Solving the estimation problem is also of critical relevance to the field of big data, where it is far from clear that data scientists are doing a better job than statisticians in producing valid knowledge. How serious are data analysts about tackling the statistical estimation problem? How in thrall is the field to parametric modeling?
There is also a very serious concern that the leaders of the big data revolution do not realize that algorithms in data science need to be grounded within a formal statistical foundation so that they actually answer the questions they want to answer with a specified level of uncertainty. Despite some prejudices to the contrary, big data does not obviate the need for statistical theory. Data itself is useless and can only be interpreted in the context of the actual data-generating experiment, and a biased sample is a biased sample even when the sample size is incredible large. The largest sample size in the world is not going to change the need for targeted learning and formal statistical inference.
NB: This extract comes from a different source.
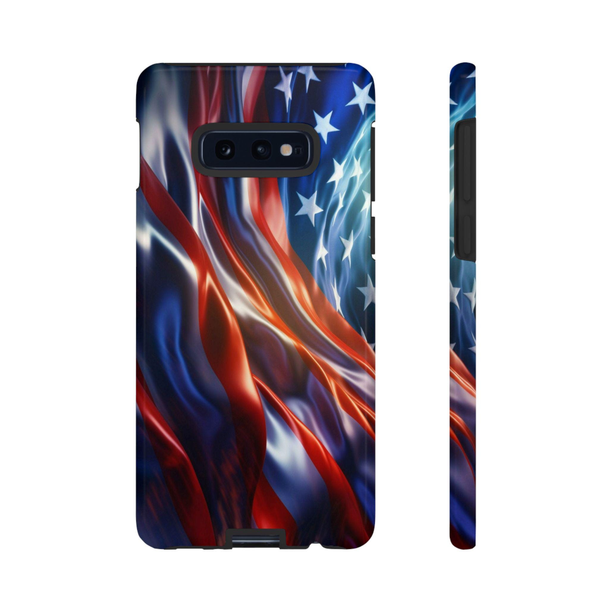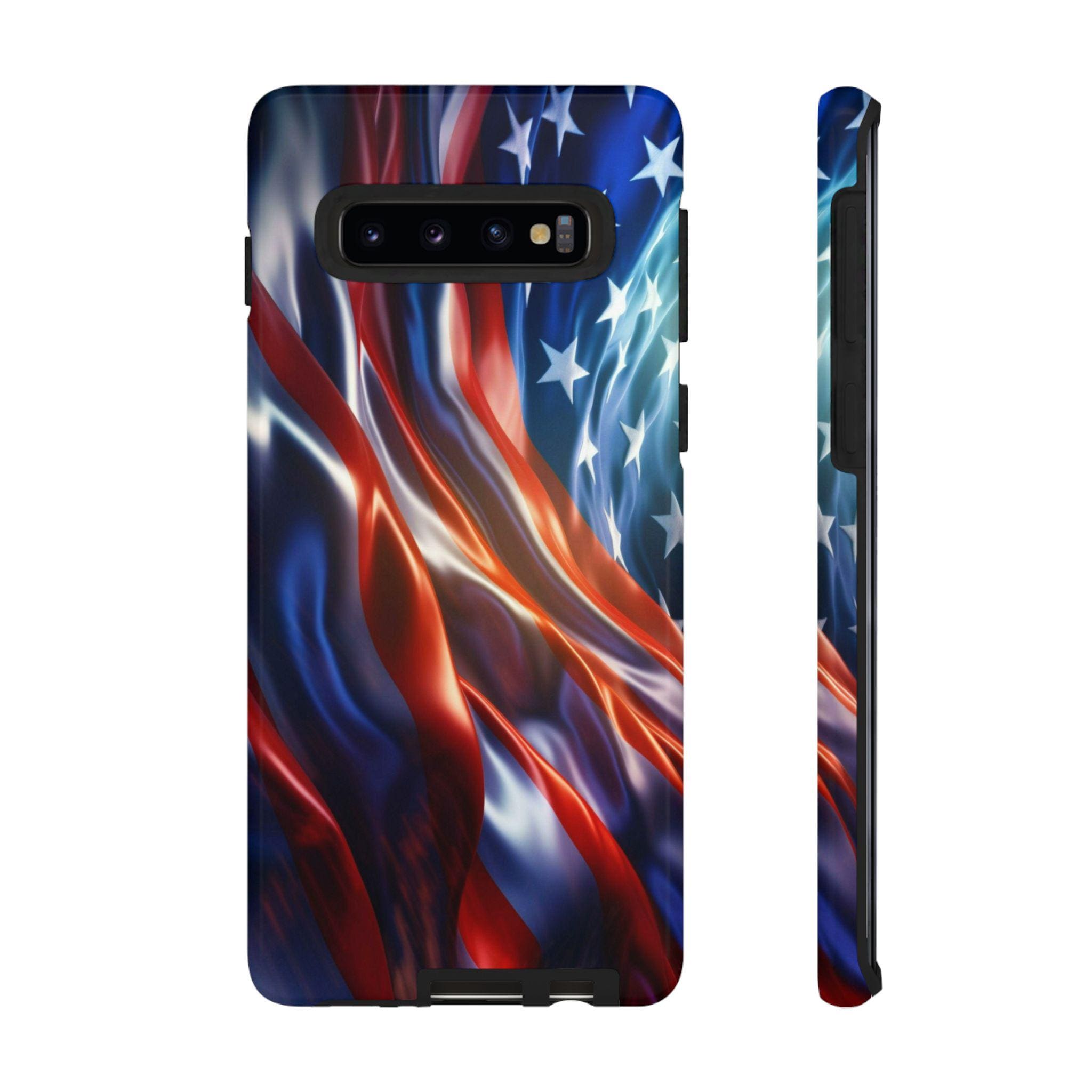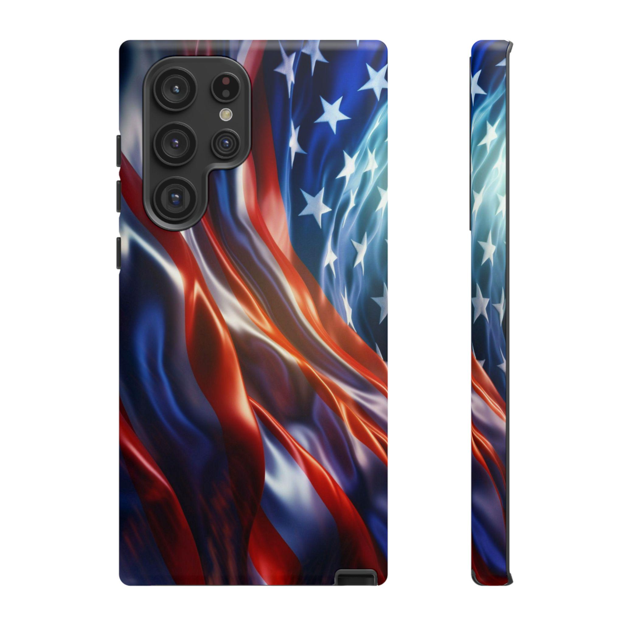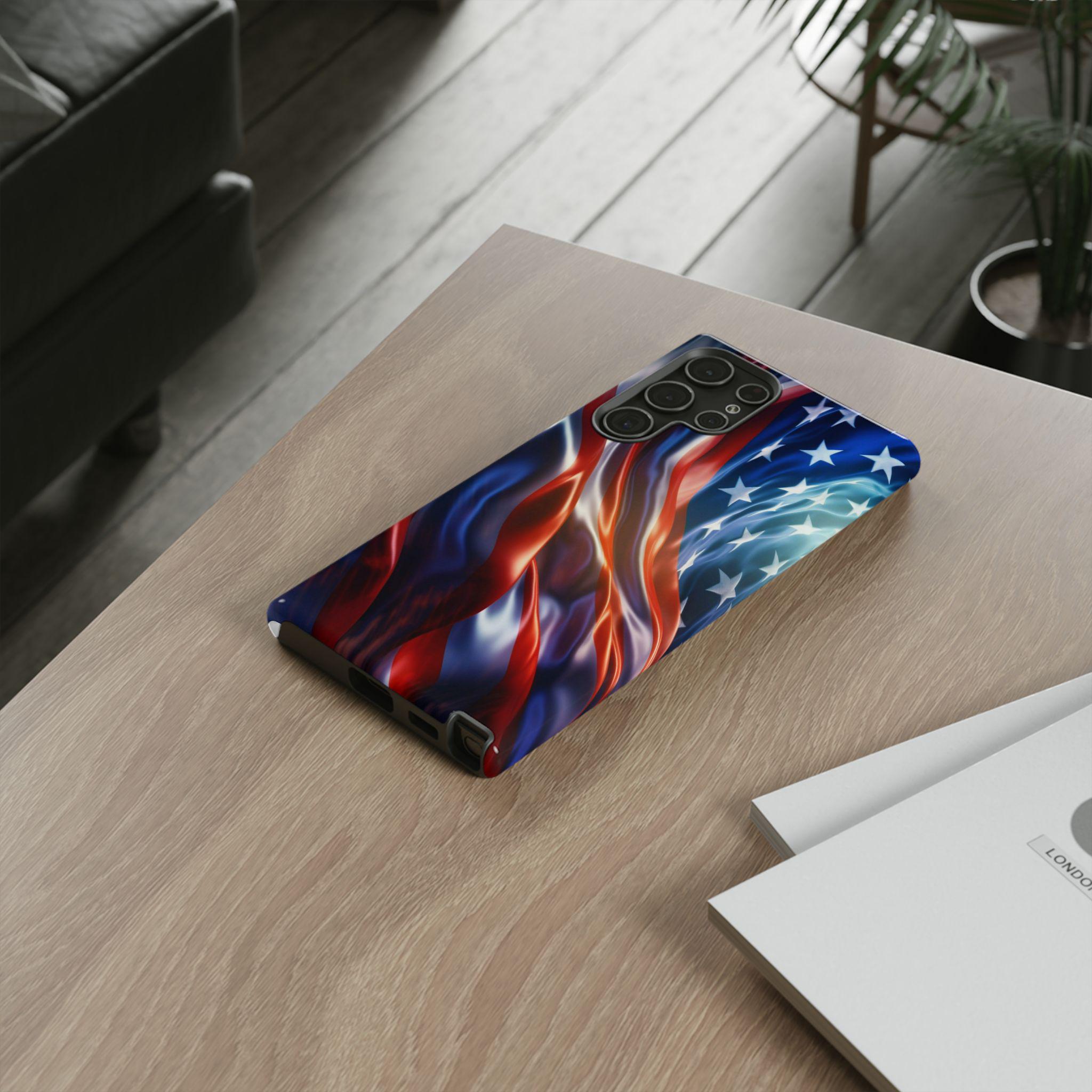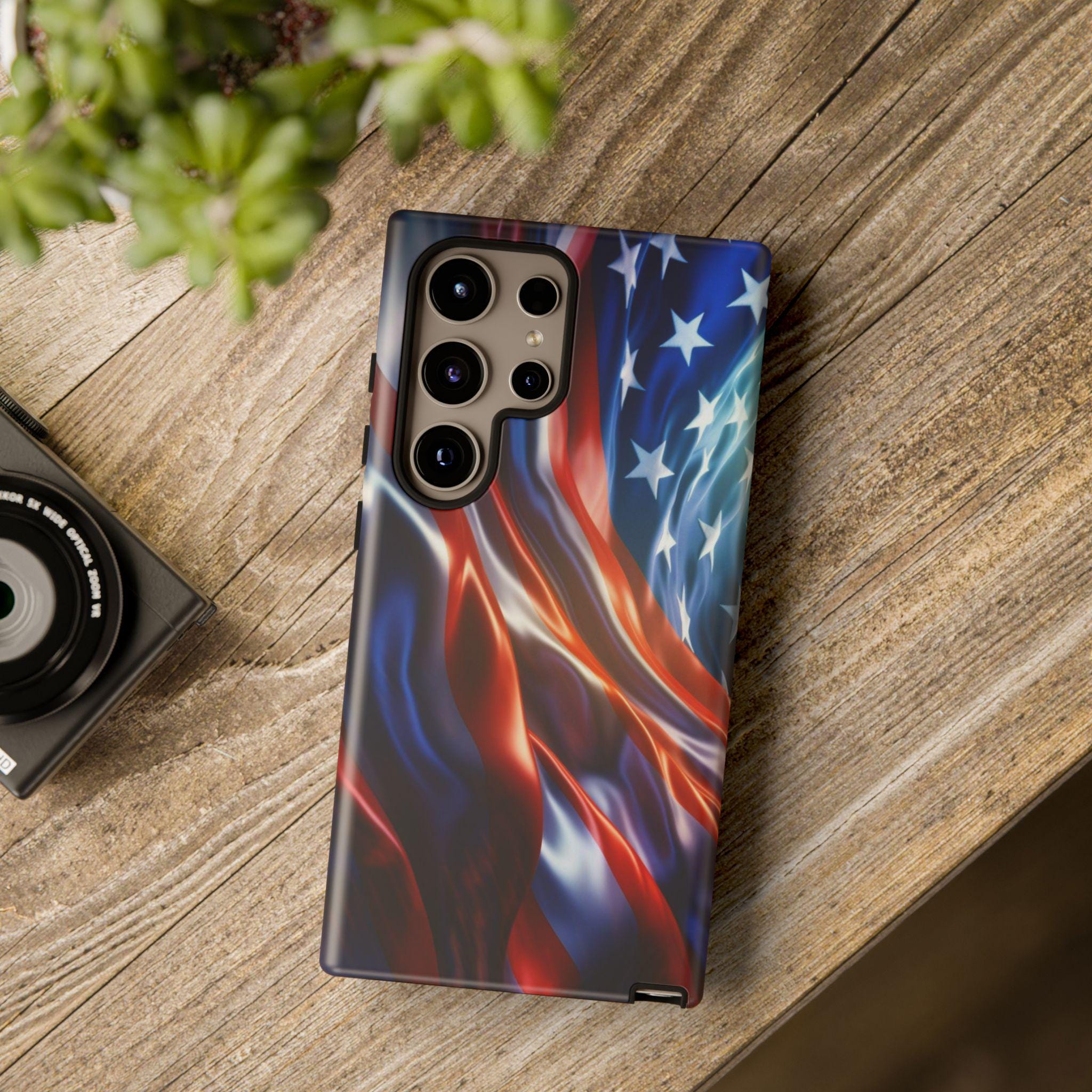 A durable, dual-layer phone case that wraps your device in a vivid, waving flag design. The glossy transfer print delivers deep color and high contrast while a soft TPU silicone liner cushions against drops. Lightweight and slim, it keeps ports accessible and supports wireless charging, all while resisting outdoor fading thanks to UV protection. This case blends bold patriotic style with real everyday protection — a tactile shield that slips comfortably into pockets and keeps your phone looking sharp through daily use and holiday crowds.

Big data also presents new challenges for statistical learning, such as designing large-scale data collection studies at the national and international level, and setting up dynamic self-learning systems—such as a precision health care system in which patient care improves in response to what has been learned from the past. Instead of giving up on statistical theory in this era of big data, we need vigorous statistical theory to tackle these new challenges.
In sum, statistics needs to make itself relevant to data science in order to survive as a credible science, and data science needs statistics in order to do credible science. All scientists need both statistics and big data to advance knowledge into new areas of problem solving, and good science requires these disciplines to work as a team.
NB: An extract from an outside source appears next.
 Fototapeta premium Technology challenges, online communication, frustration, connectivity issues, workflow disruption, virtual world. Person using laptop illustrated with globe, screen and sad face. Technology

We, as statisticians, need to stop working on toy problems, stop talking down important theory, stop being attached to outdated statistical methods, and stop worrying about the politics of our journals and our field. We, as statisticians, data scientists, and scientists, need to define the outstanding problems in research—and solve them as a team by taking into account all the scientific advances in the different disciplines. Science needs big data and statistical targeted learning—but statisticians will have to rise to the challenge if science as a whole is to thrive.
A shorter version of this essay appeared in AmStats, the magazine of the American Statistical Association.